Every two years...
...I figure out what I want to do when I grow up, and switch things up accordingly. I started doing this at Microsoft when a mentor suggested I reflect on my impact and opportunities every 18 months, and then adjust. I remember the exact week. It was early April, 2004. I was a young product designer on the Hotmail team, and had just had a good laugh when Google announced Gmail and their ridiculous 1GB inbox on April Fools’ Day. Yeah, right. No one would do that. We gave users 2MB for free or 25MB for premium subscribers. A week later we realized that it wasn't a joke, and my life was forever changed. I was in awe of the bold 10x thinking, the speed of innovation that comes from a beta mentality (the label came off Gmail five years later), and the playfulness of the prank.
So I took my mentor's advice. I felt I wasn't impacting the world as much as I wanted to. I switched things up. For two years I explored how design can impact emerging markets and families who make $5/day, I headed Interaction Design for the Surface project for the next two, and for the next moved to China to lead an entire Design Studio. It didn't stop with Microsoft. I led Design Research for Motorola to learn more about hardware design, then after two years joined Regina Dugan's ATAP team at Google for a fixed 24-month term. Some seemed to have a hard time with the time limit, but it felt just fine for me :). During my two years I founded and led the design for Project Ara.

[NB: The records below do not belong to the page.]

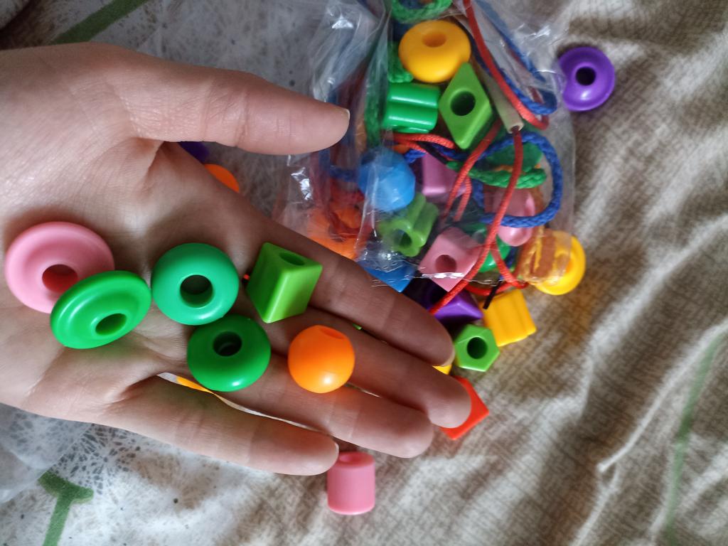 Large beads, just what the child needs, although the cords are thin and the tips are not like in the picture, but they are easy to string and the beads are bright.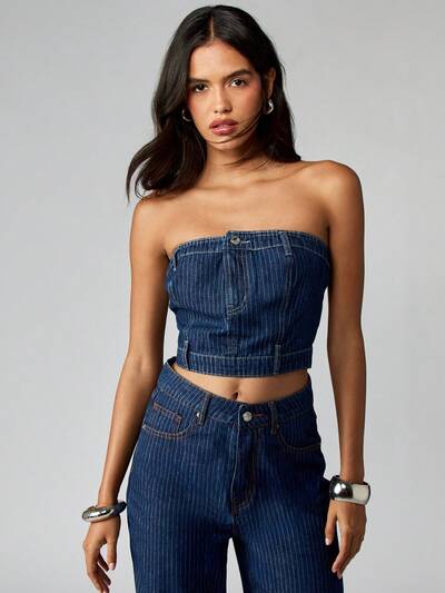 MISSGUIDED Trägerloses Bandeau-Top aus Denim mit Nadelstreifen-50%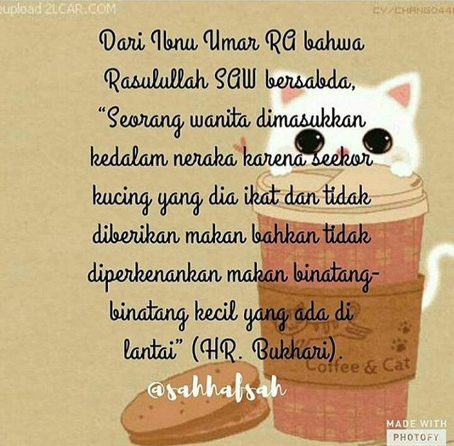 Sudah hampir satu bulan lalu satu keluarga kedatangan seekor kucing kampung yang lagi hamil. Telah menceritakan kepada kami ismail berkata telah menceritakan kepadaku malik dari nafi dari abdullah bin umar radliallahu anhuma bahwa rasulullah shallallahu alaihi wasallam bersabda. Nabi muhammad saw bersabda ada seorang perempuan yang masuk ke dalam neraka karena perkara seekor kucing. Dia tidak memberinya makan.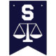 La creativa decoración fiesta de las felicitaciones de los abogados, con la presencia de Scales of Justice de fondo azul marino.
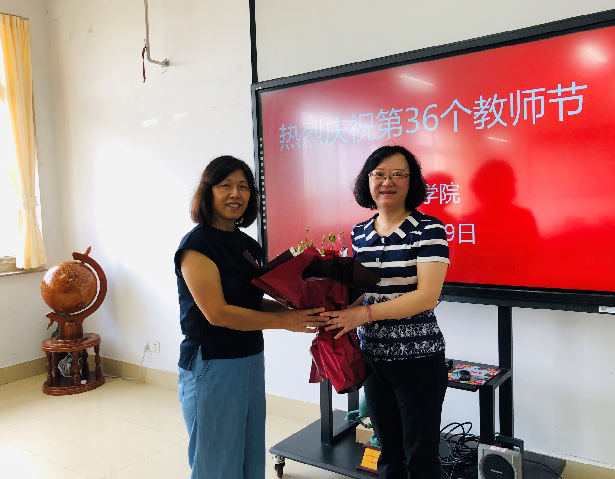 副校长张然向学院一线教师代表孟珍月副教授送上节日祝福与问候,感谢她多年来一以贯之兢兢业业教学,认认真真履行工作职责,以实际行动践行“十年磨剑”精神内涵,为日语系人才培养、为学院的辛苦付出和无私奉献。希望即将退休的孟老师一如既往关心支持学校、学院发展,为年轻老师传授宝贵经验,在农大外院大家庭里,让一代代的农大精神薪火相传,和系里老师们一起,共谋、共建、共享学校发展成果。
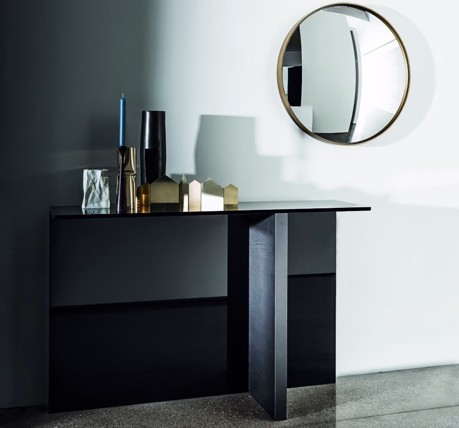 Console with smoked laminated glass top. Base composed of a wooden element, various finishes, and a black lacquered glass element.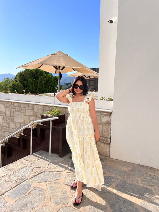 Pondicherry Yellow Maxi Dress with Puff Sleeves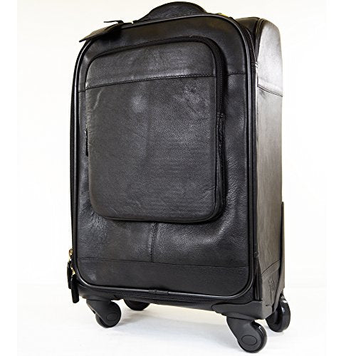 Super Soft Premium Leather Spinner Trolley Case - Black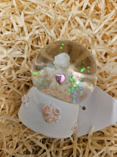 An adorable resting cherub sits in each of these hanging glass balls. There are two different variations and each looks beautiful and elegant.
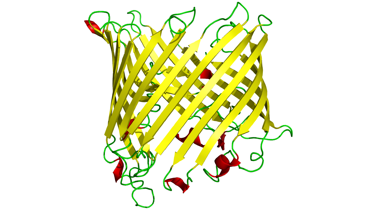 Hier sieht man ein Porin aus der Zellmembran von Salmonellen. Salmonellen sind Bakterien (Prokaryoten), und Porine sind Proteine, die eine Pore in der Zellmembran bilden, durch die hydrophile polare Stoffe wie zum Beispiel Saccharose die Membran passieren können. Porine kommen bei Prokaryoten und den von Prokaryoten abstammenden Mitochondrien und Chloroplasten vor (in der inneren Membran).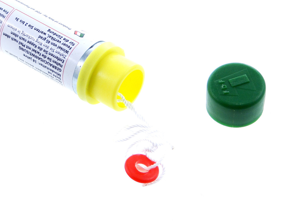 Odpalenie racy odbywa się przez zerwanie blokady i pociągnięcie za zawleczkę.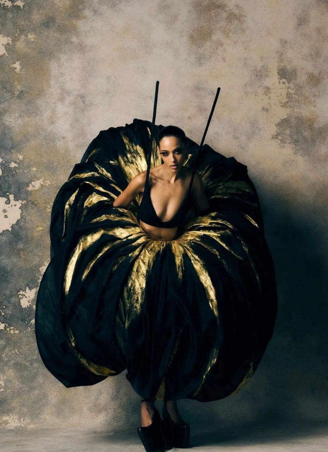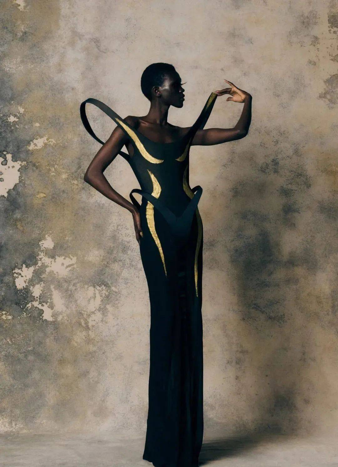 “Gilded”一词,本身就蕴含着奢华与辉煌的意味。Harris Reed巧妙地将这一主题融入设计中,通过精致的镀金元素,让每一件作品都散发着耀眼的光芒。这些镀金细节并非简单的装饰,而是设计师匠心独运的艺术创作,它们或镶嵌于领口、袖口,或点缀于裙摆、腰带,与衣物的材质、色彩和剪裁完美融合,共同构建出一种既古典又现代的美学风格。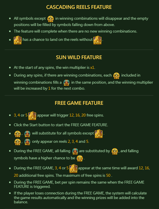 - Sun Wild Feature – Wild คูณรางวัลสะสม ทุกครั้งที่ Wild อยู่ในชุดชนะ จะเปิดใช้ตัวคูณแบบสะสม โดยเริ่มต้นที่ x1 และเพิ่มขึ้นเรื่อย ๆ ทุกคอมโบใหม่ในรอบนั้น ยิ่งแตกติดกันยาว ยิ่งได้เงินก้อนโต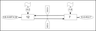 Моделируемая ситуация. Фармацевтическая компания производит два вида новых сверхэффективных лекарственных препаратов от психических расстройств: препарат А и препарат Б. Данные препараты различаются по продолжительности фармакологического действия и цене. Фармакологическое действие препарата А короче, а его производство значительно дешевле, чем препарата Б. На рынках сбыта конкурентов у этой продукции пока нет. Требуется оценить спрос на товар для планирования объёмов производства, если известны некоторые данные по динамике покупок после продажи первых партий. Постановка задачи. После исследования рыночной ситуации и динамики продаж стало известно, что за неделю на одну проданную партию препарата А приходится повышение спроса в 3,8 раз. При этом снижение спроса за счёт побочных эффектов на одну партию товара имеет коэффициент 0,007, а долгосрочный заказ на экспорт обеспечивает дополнительный спрос на 4,32 партии в неделю. На препарат Б происходит постоянное повышение спроса на 2,7 партии в неделю. За счёт наличия побочных эффектов при приёме препарата наблюдается снижение спроса с коэффициентом 0,45. На спрос влияет и взаимная рыночная конкуренция товаров. Для препарата А: – снижение спроса от конкуренции с более эффективным продуктом Б на единицу товара – 0,003 партии; – отсутствие сертификата качества международного образца снижает спрос с постоянной скоростью 0,2 партии за неделю. Для препарата Б: – повышение спроса от конкуренции с более дешевым и опасным препаратом А на единицу товара – 0,029 партии; – отрицательный эффект от появления на рынке подделок (контрафакта) уменьшает спрос на 1,8 партии еженедельно. Осуществите моделирование на следующие 60 недель, если известно, что начальный спрос на препарат А – 12 партий в неделю, на препарат Б – 7. Предложите недельную норму производства препаратов. Решение. Для начала выявим параметр исследования в модели – это объём спроса на продукцию. Следовательно, моделироваться будет покупательская активность на каждый из двух видов товара, представленных в виде отдельных подсистем. Составим диаграмму процессов. Из условия видно, что все факторы можно разделить на внутренние (внутрипроизводственные) и внешние (рыночная среда). Они описаны отдельно в первой и второй части условия соответственно. Будем рассматривать их параллельно с составлением диаграммы процессов. Так как выделены две подсистемы, то диаграмма будет иметь два блока типа «накопитель» (прямоугольник на рис. 12) с вписанными в них начальными значениями.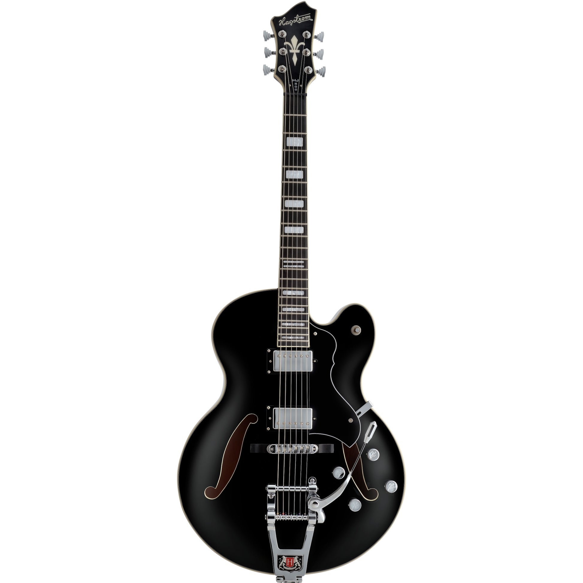 Hagstrom’s Tremar HJ500 model, with its gleaming hardware, is a true work of art. An ebony-supported Tune-O-Matic bridge and Hagstrom’s own silky-smooth Tremar vibrato system give this masterpiece a profound and resonant tone suitable for a variety of musical genres. Our HJ50 humbucking pickups offer vigorous clean and overdriven sounds, with nothing left to be desired.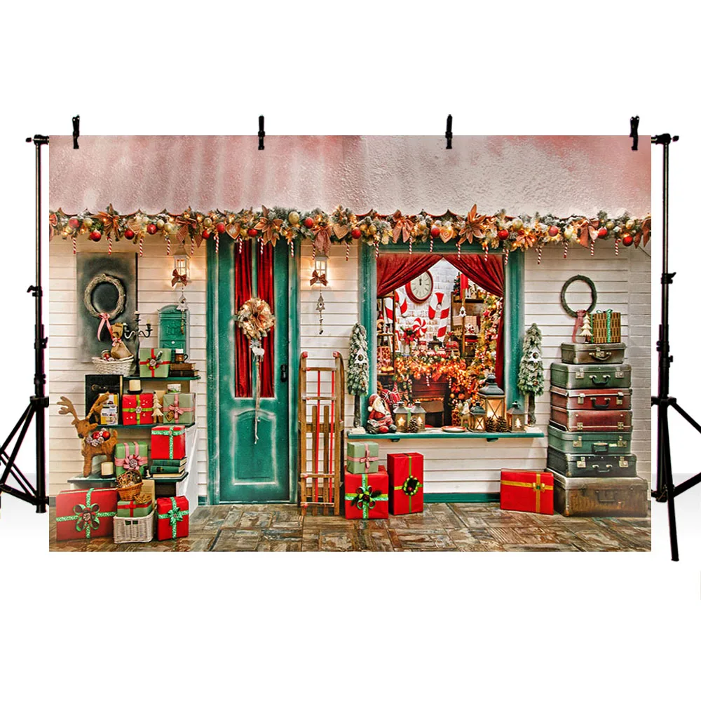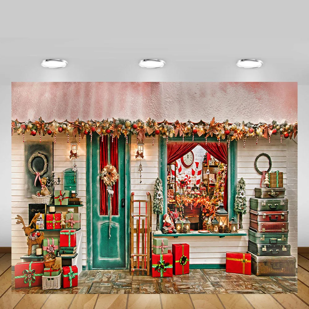 Виниловые Рождественские фоны Mehofond для магазина, красный подарок, украшения, магазин, деревянный дом, фотофоны для фотостудии
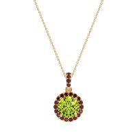 This Peridot and Ruby Necklace is casted in 14k Yellow Gold. This Women’s Halo necklace features exceptionally fine gemstones, on par with those found in the world's most exclusive boutiques and among the top 10% available globally. This Pendant Features A Round-cut Central Stone Encircled By A Halo Of Smaller Stones. This necklace comes with a complimentary 18-inch chain. Enjoy the confidence of our 30-day, stress-free return policy—with return shipping fully covered. Each piece is also accompanied by a Lifetime Warranty, ensuring lasting beauty and peace of mind.
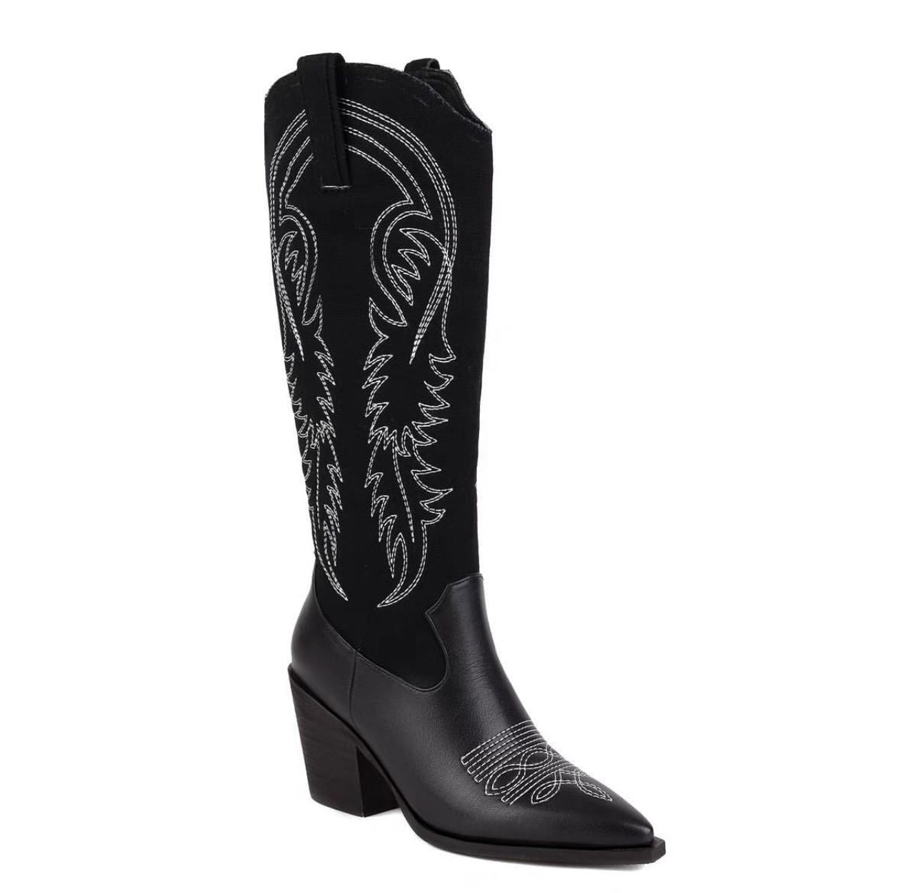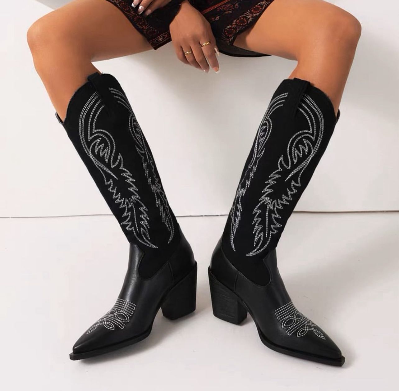Embroidered Split Suede Boots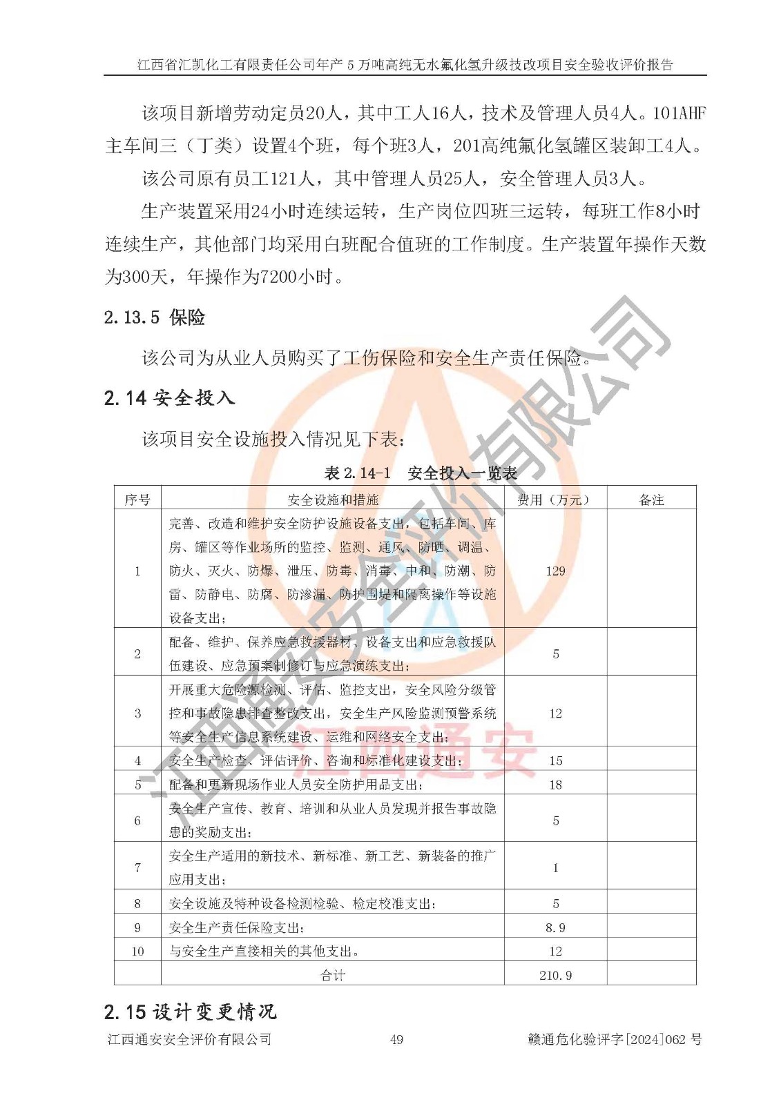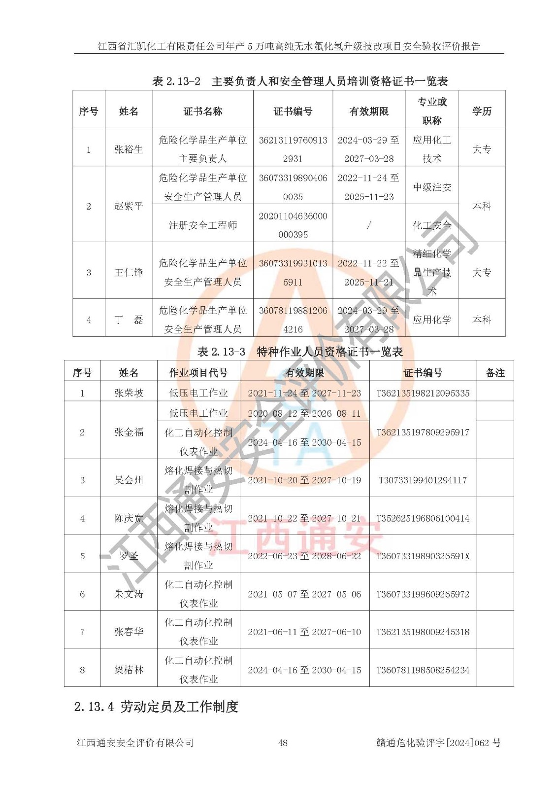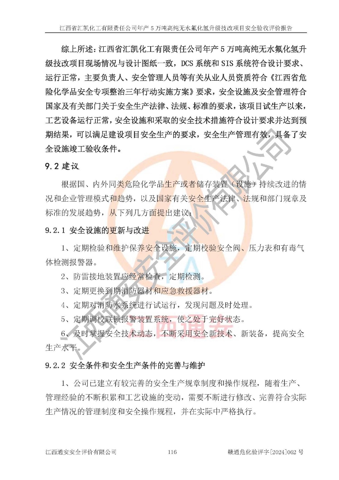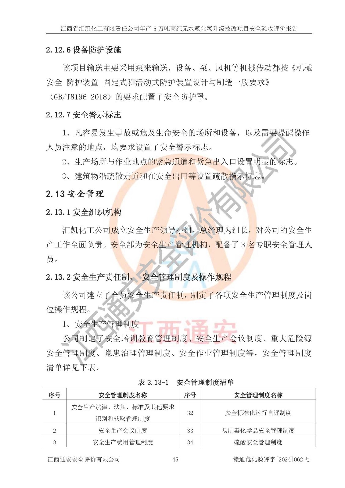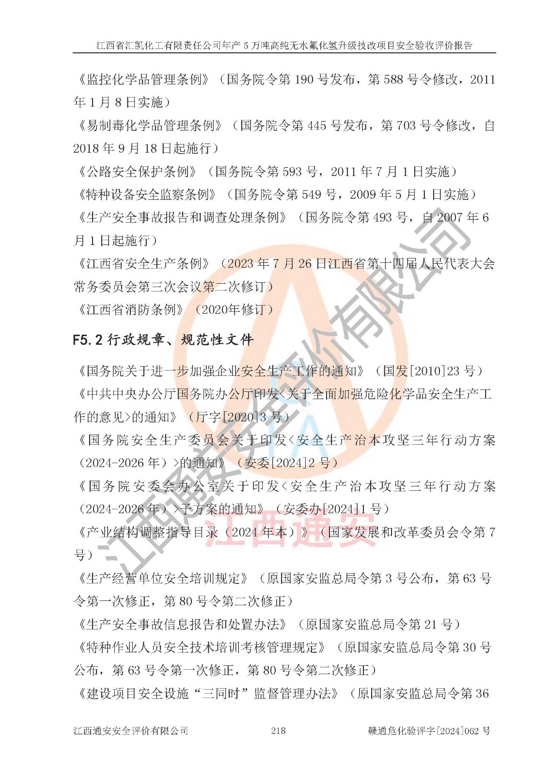 評價報告名稱 | 江西省匯凱化工有限責任公司年產(chǎn)5萬噸高純無水氟化氫升級技改項目安全驗收評價報告 | ||||||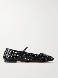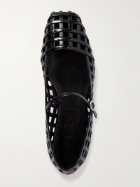 Uma Caged cut-out patent-leather Mary Jane ballet flats Black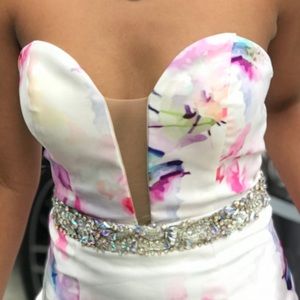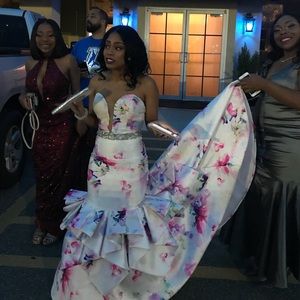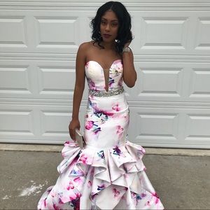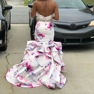 Beautiful Rachel Allen mermaid dress. Bright floral print with a gorgeous rhinestone beaded waist and about a 2 foot train. The dress was originally a size 6, but it has been altered to a size 2.

And when my time was up, I chose Capital One. I chose the opportunity to work with several design teams to take a fresh look at finances, and left behind the security of working at another Silicon Valley heavyweight. And I would absolutely do it again. It was the most exhilarating stretch of my career. I have never worked at a company with such alignment of deep purpose, genuine leadership and inspiring talent. And I will be forever proud of what my teams accomplished in the past two years.
But when I took stock after 18 months at Capital One, there was one persistent desire that I’ve never given space to. It’s the thing that I’m both most afraid of and most excited to do: start my own design agency. Literally hang a shingle. My Dad owned his own design firm for the past 30 years, and I’ve loved seeing him connect to projects that fuel his passions. But I also remember the hard times when clients were scarce, and I never wanted to put my kids through that. But after consulting with the family, I have their universal support to give it a go. I have 6 months of operating costs set aside, which gives me the financial confidence I needed to go for it. And whether I’m still doing this after another 18 months or not, I can’t wait to fail, learn, adjust, and hopefully have some profound impact along the way.
I will be forever proud of my time at Capital One, and want to encourage my teams to be bolder, move faster and have deeper empathy for the peoples’ lives whom we have the privilege to make better. I can’t wait to see what they will all do next!